Items from a dataset:
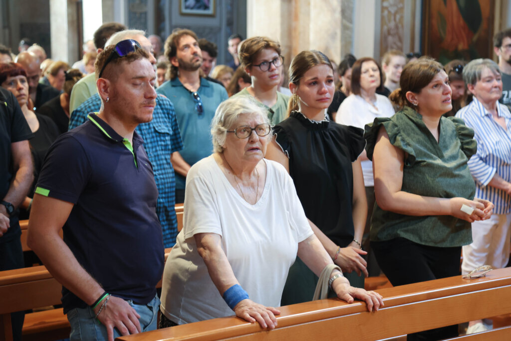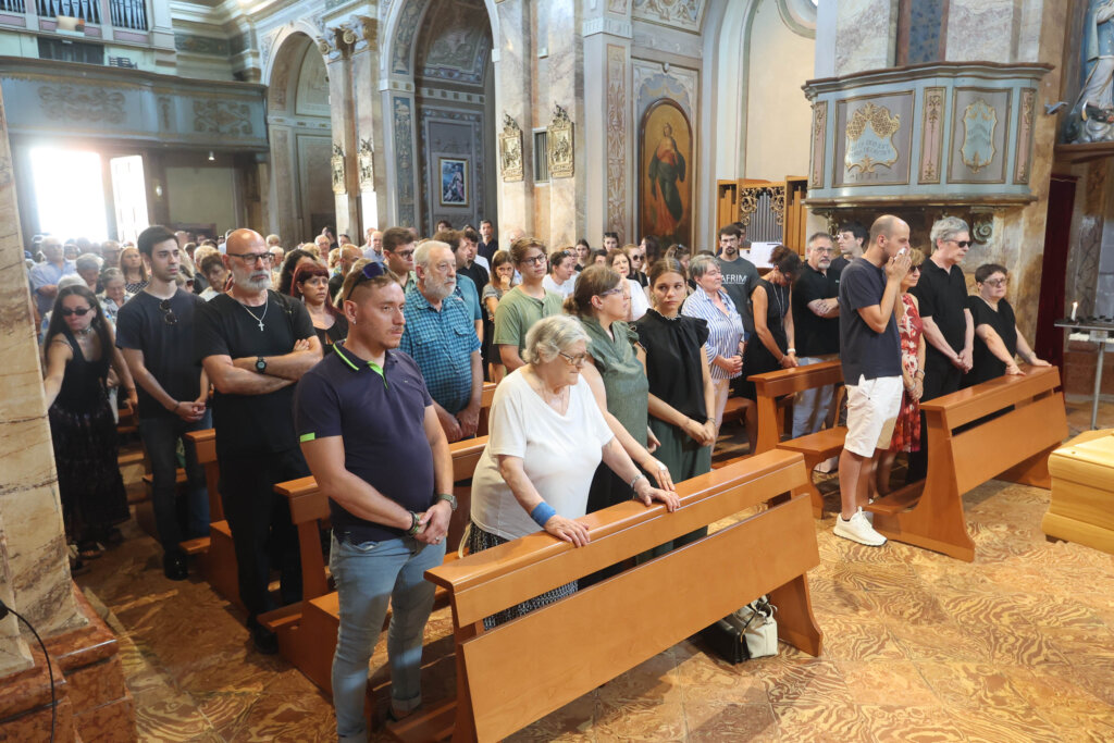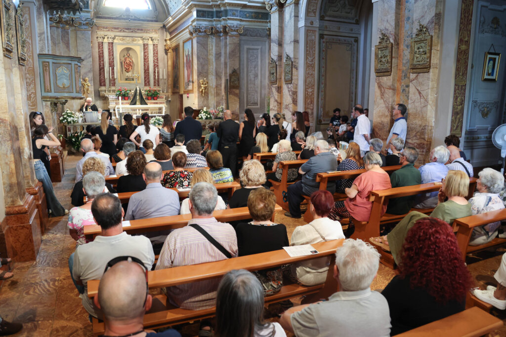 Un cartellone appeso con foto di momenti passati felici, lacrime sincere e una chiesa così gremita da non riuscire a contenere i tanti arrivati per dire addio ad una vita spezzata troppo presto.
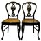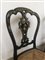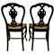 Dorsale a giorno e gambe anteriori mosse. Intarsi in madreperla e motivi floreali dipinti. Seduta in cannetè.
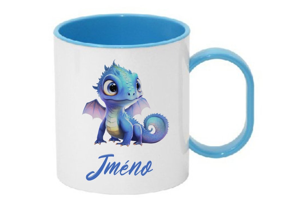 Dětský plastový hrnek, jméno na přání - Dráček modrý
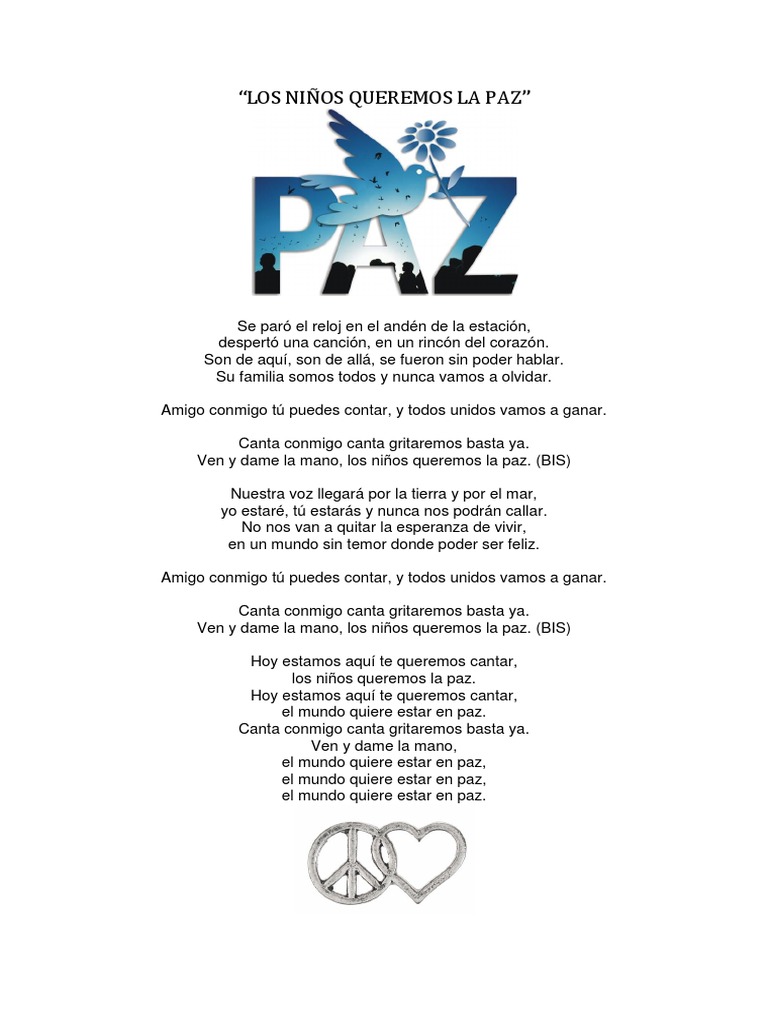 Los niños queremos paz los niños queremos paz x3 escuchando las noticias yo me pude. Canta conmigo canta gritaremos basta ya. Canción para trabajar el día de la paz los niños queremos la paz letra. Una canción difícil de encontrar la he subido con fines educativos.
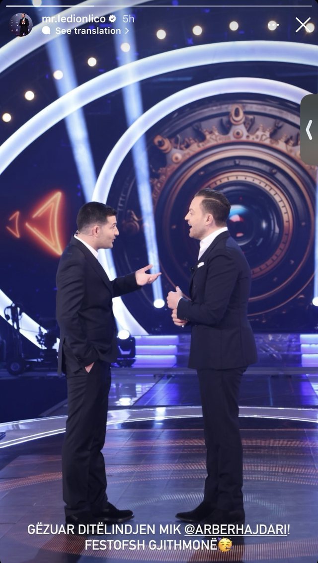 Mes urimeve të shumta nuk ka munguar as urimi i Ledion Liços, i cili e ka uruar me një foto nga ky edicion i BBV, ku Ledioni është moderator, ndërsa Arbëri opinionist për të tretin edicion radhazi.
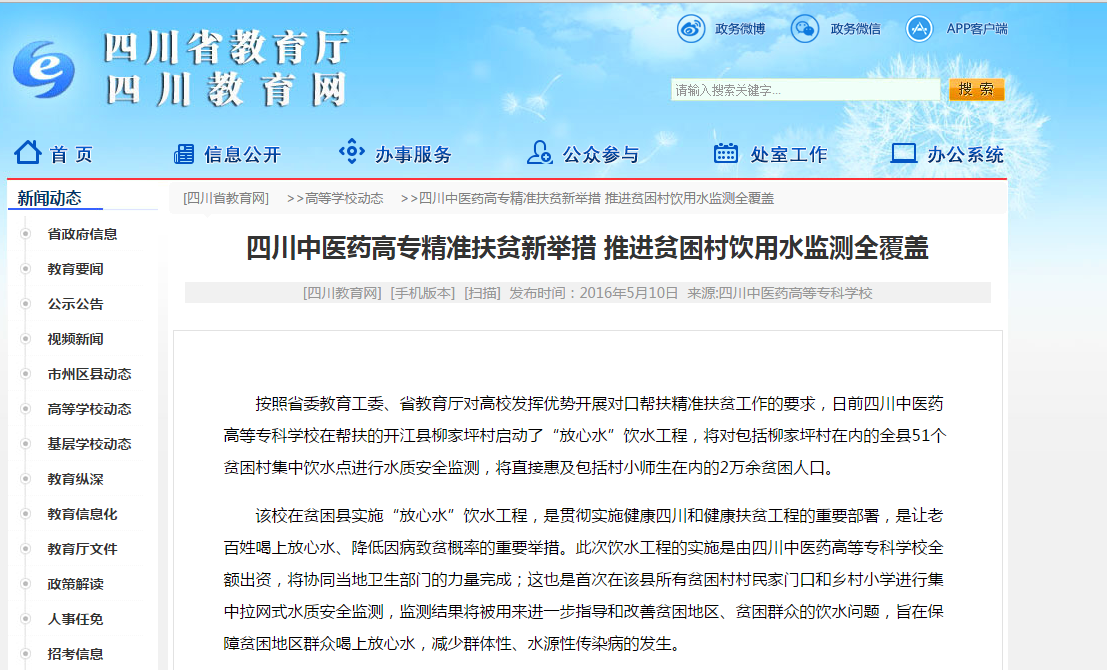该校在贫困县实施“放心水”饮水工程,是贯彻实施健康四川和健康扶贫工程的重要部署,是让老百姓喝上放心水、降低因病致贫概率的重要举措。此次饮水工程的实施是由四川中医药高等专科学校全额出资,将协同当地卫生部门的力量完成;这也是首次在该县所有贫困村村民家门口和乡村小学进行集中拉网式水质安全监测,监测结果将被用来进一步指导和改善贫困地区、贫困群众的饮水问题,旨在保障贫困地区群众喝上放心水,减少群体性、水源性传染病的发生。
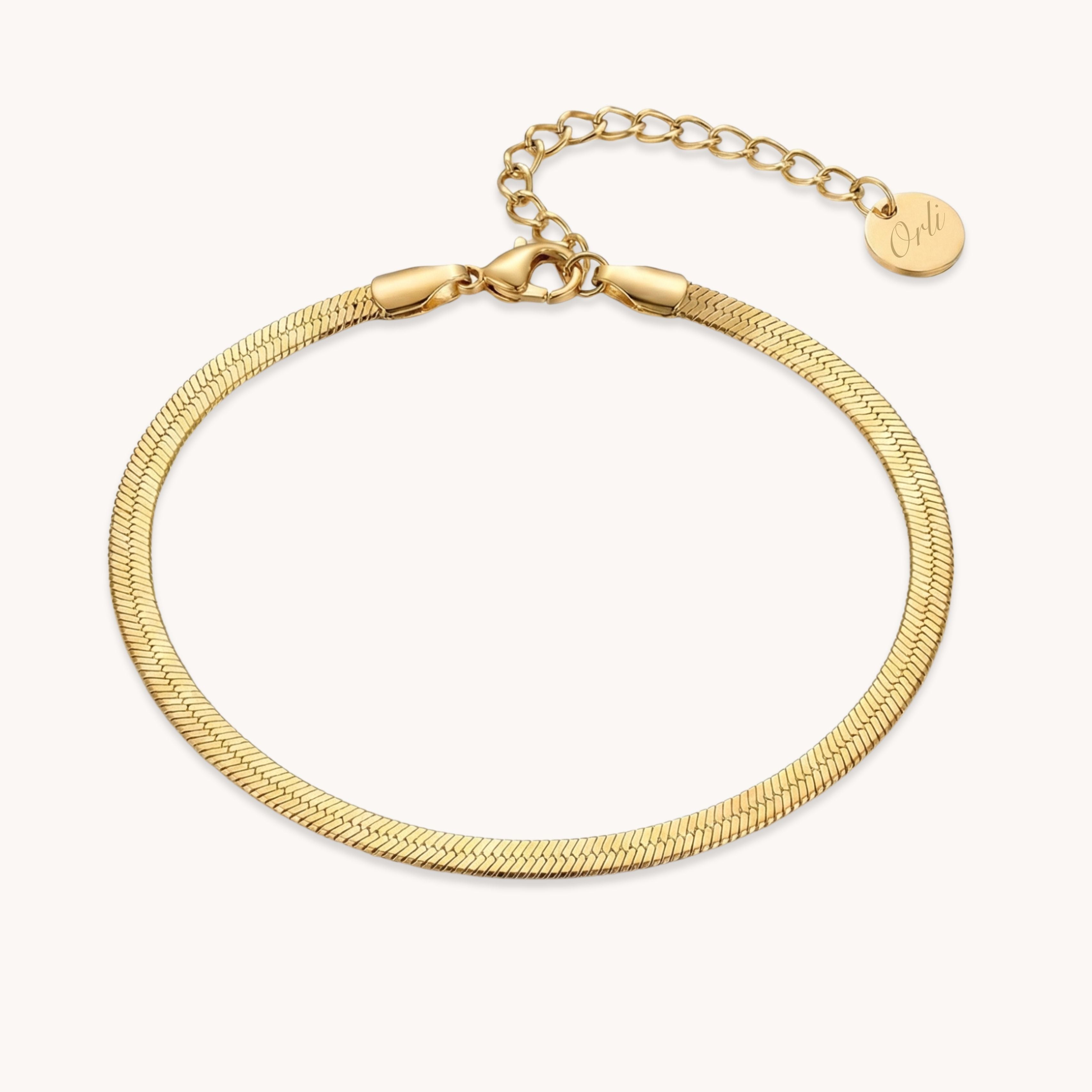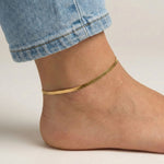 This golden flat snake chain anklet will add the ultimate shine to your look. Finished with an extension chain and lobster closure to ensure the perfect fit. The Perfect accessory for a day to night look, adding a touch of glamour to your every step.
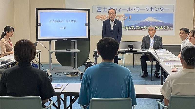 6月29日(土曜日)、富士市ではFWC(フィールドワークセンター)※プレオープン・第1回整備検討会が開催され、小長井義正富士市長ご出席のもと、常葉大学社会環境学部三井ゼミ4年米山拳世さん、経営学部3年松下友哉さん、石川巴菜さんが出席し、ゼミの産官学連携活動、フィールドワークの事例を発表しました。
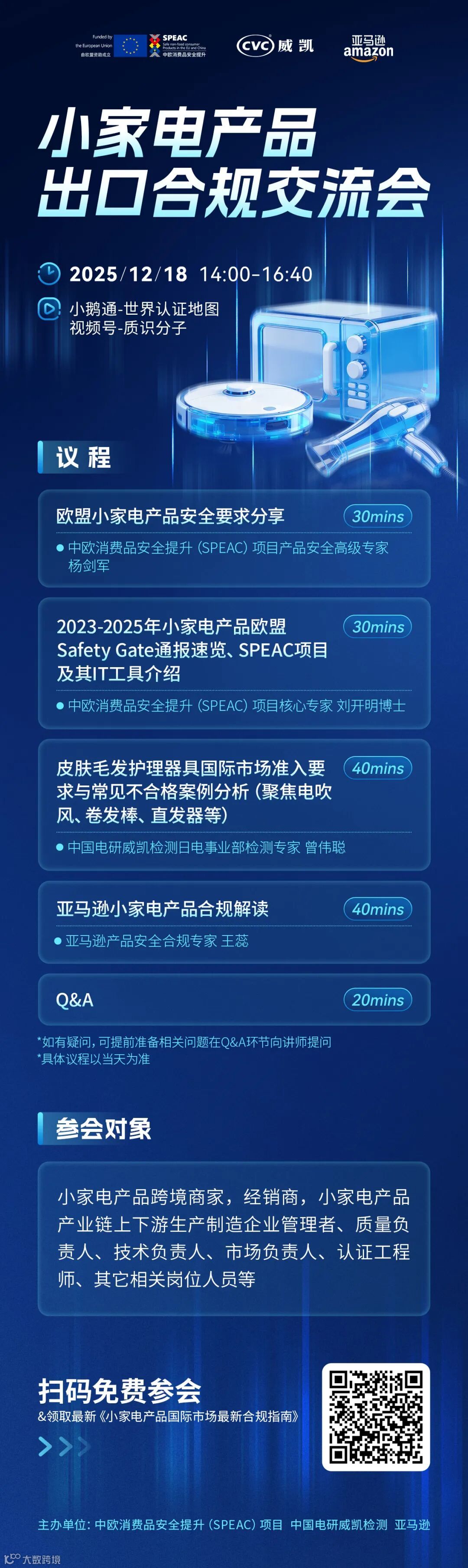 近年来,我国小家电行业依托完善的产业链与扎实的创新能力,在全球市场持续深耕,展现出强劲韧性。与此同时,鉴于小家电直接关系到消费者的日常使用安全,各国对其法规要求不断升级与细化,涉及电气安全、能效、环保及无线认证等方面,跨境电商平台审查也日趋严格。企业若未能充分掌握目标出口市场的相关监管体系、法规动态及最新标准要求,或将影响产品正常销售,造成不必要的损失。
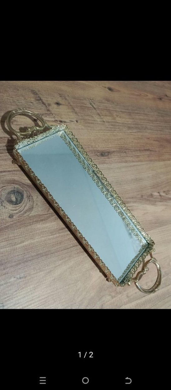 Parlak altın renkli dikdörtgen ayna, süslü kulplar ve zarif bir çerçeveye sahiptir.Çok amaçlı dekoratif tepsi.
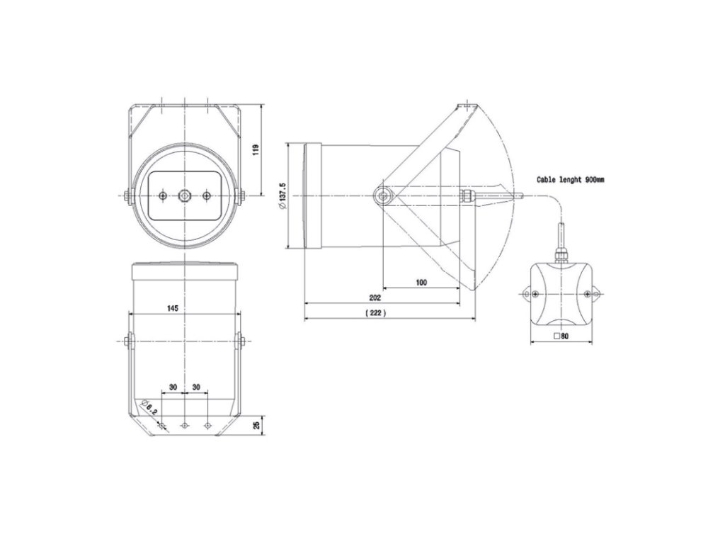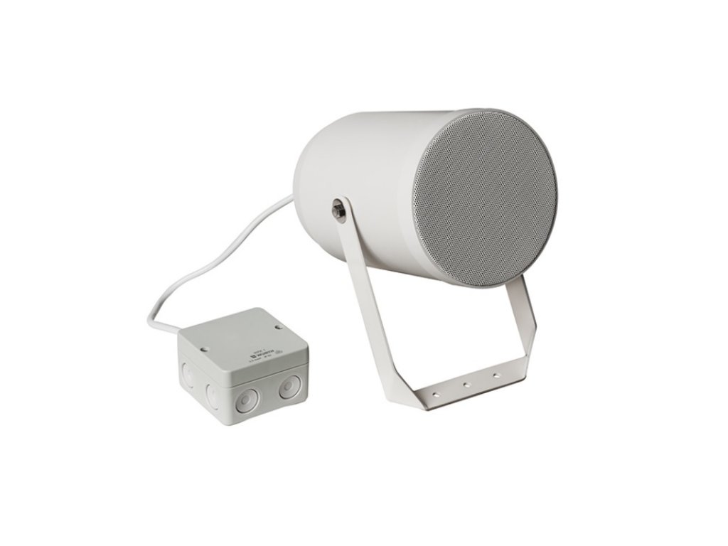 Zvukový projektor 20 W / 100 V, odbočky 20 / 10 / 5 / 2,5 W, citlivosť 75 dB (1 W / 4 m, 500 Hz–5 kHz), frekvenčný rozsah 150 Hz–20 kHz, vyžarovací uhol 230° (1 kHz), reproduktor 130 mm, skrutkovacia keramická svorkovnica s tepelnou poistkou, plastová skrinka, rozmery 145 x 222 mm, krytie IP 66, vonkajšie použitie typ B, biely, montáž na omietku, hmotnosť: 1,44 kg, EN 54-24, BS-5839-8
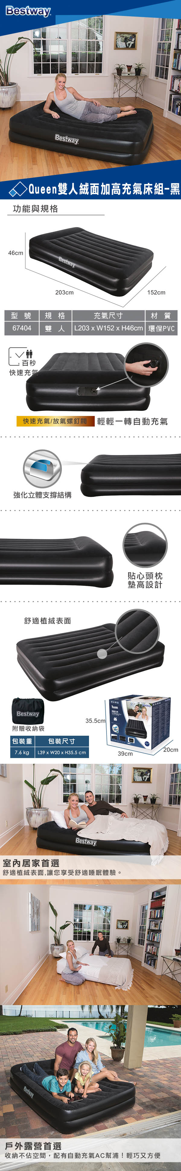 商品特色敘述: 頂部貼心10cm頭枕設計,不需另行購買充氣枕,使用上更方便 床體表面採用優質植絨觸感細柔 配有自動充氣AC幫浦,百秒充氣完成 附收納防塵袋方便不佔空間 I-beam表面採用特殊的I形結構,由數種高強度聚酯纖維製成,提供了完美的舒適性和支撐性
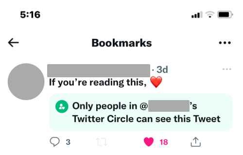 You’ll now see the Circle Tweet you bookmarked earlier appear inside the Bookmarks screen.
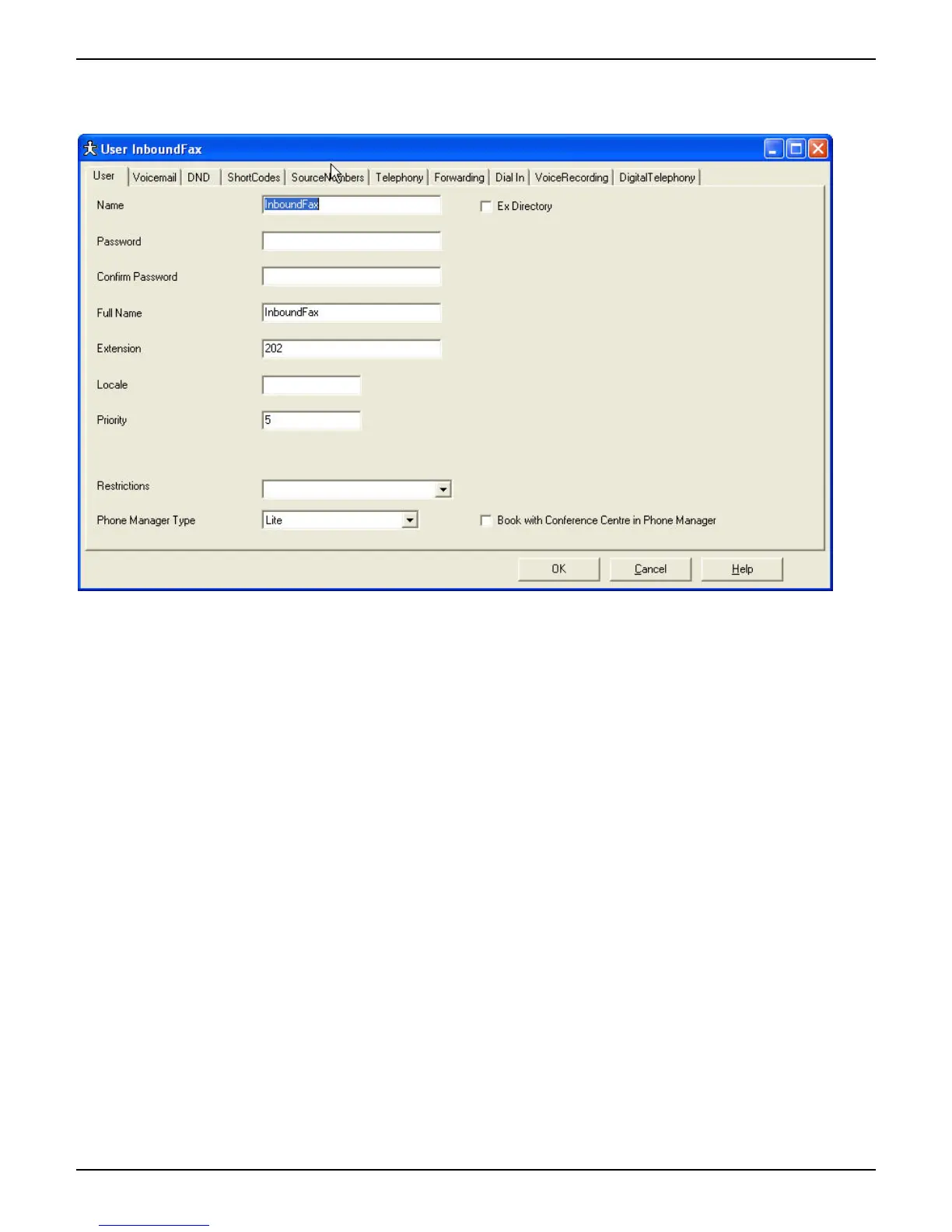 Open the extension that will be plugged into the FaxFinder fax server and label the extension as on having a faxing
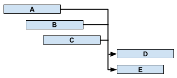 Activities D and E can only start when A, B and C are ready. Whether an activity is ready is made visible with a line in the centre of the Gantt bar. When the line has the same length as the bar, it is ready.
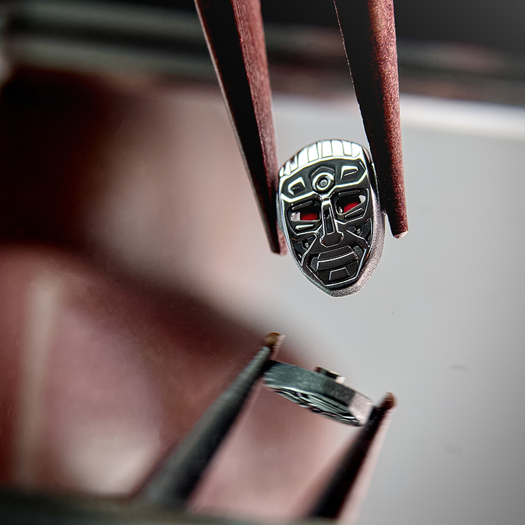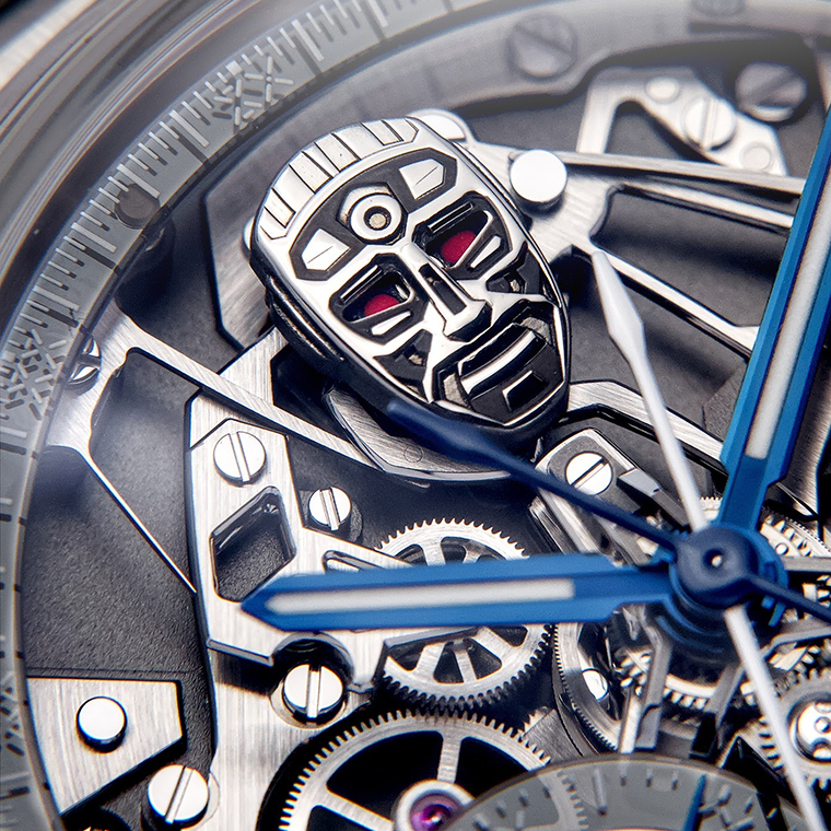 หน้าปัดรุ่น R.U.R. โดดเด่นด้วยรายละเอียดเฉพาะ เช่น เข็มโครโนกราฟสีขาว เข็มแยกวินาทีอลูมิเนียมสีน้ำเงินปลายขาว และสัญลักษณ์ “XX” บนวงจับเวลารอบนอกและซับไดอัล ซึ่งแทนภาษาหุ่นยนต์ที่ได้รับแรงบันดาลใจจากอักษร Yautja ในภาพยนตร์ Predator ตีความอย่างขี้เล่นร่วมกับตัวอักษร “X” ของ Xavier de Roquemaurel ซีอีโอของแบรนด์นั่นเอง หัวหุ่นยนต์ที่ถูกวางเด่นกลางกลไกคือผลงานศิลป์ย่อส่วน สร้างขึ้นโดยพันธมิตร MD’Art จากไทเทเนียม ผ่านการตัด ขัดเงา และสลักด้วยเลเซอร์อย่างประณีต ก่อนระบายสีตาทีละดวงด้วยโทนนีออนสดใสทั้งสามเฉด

(Exercise) Your output should be the lines above from the one that contains "Dorsale a giorno" through the one that contains "Parlak altın renkli", word for word, with pictures left out.

(Response to the task)
 Dorsale a giorno e gambe anteriori mosse. Intarsi in madreperla e motivi floreali dipinti. Seduta in cannetè.
 Dětský plastový hrnek, jméno na přání - Dráček modrý
 Los niños queremos paz los niños queremos paz x3 escuchando las noticias yo me pude. Canta conmigo canta gritaremos basta ya. Canción para trabajar el día de la paz los niños queremos la paz letra. Una canción difícil de encontrar la he subido con fines educativos.
 Mes urimeve të shumta nuk ka munguar as urimi i Ledion Liços, i cili e ka uruar me një foto nga ky edicion i BBV, ku Ledioni është moderator, ndërsa Arbëri opinionist për të tretin edicion radhazi.
该校在贫困县实施“放心水”饮水工程,是贯彻实施健康四川和健康扶贫工程的重要部署,是让老百姓喝上放心水、降低因病致贫概率的重要举措。此次饮水工程的实施是由四川中医药高等专科学校全额出资,将协同当地卫生部门的力量完成;这也是首次在该县所有贫困村村民家门口和乡村小学进行集中拉网式水质安全监测,监测结果将被用来进一步指导和改善贫困地区、贫困群众的饮水问题,旨在保障贫困地区群众喝上放心水,减少群体性、水源性传染病的发生。
 This golden flat snake chain anklet will add the ultimate shine to your look. Finished with an extension chain and lobster closure to ensure the perfect fit. The Perfect accessory for a day to night look, adding a touch of glamour to your every step.
 6月29日(土曜日)、富士市ではFWC(フィールドワークセンター)※プレオープン・第1回整備検討会が開催され、小長井義正富士市長ご出席のもと、常葉大学社会環境学部三井ゼミ4年米山拳世さん、経営学部3年松下友哉さん、石川巴菜さんが出席し、ゼミの産官学連携活動、フィールドワークの事例を発表しました。
 近年来,我国小家电行业依托完善的产业链与扎实的创新能力,在全球市场持续深耕,展现出强劲韧性。与此同时,鉴于小家电直接关系到消费者的日常使用安全,各国对其法规要求不断升级与细化,涉及电气安全、能效、环保及无线认证等方面,跨境电商平台审查也日趋严格。企业若未能充分掌握目标出口市场的相关监管体系、法规动态及最新标准要求,或将影响产品正常销售,造成不必要的损失。
 Parlak altın renkli dikdörtgen ayna, süslü kulplar ve zarif bir çerçeveye sahiptir.Çok amaçlı dekoratif tepsi.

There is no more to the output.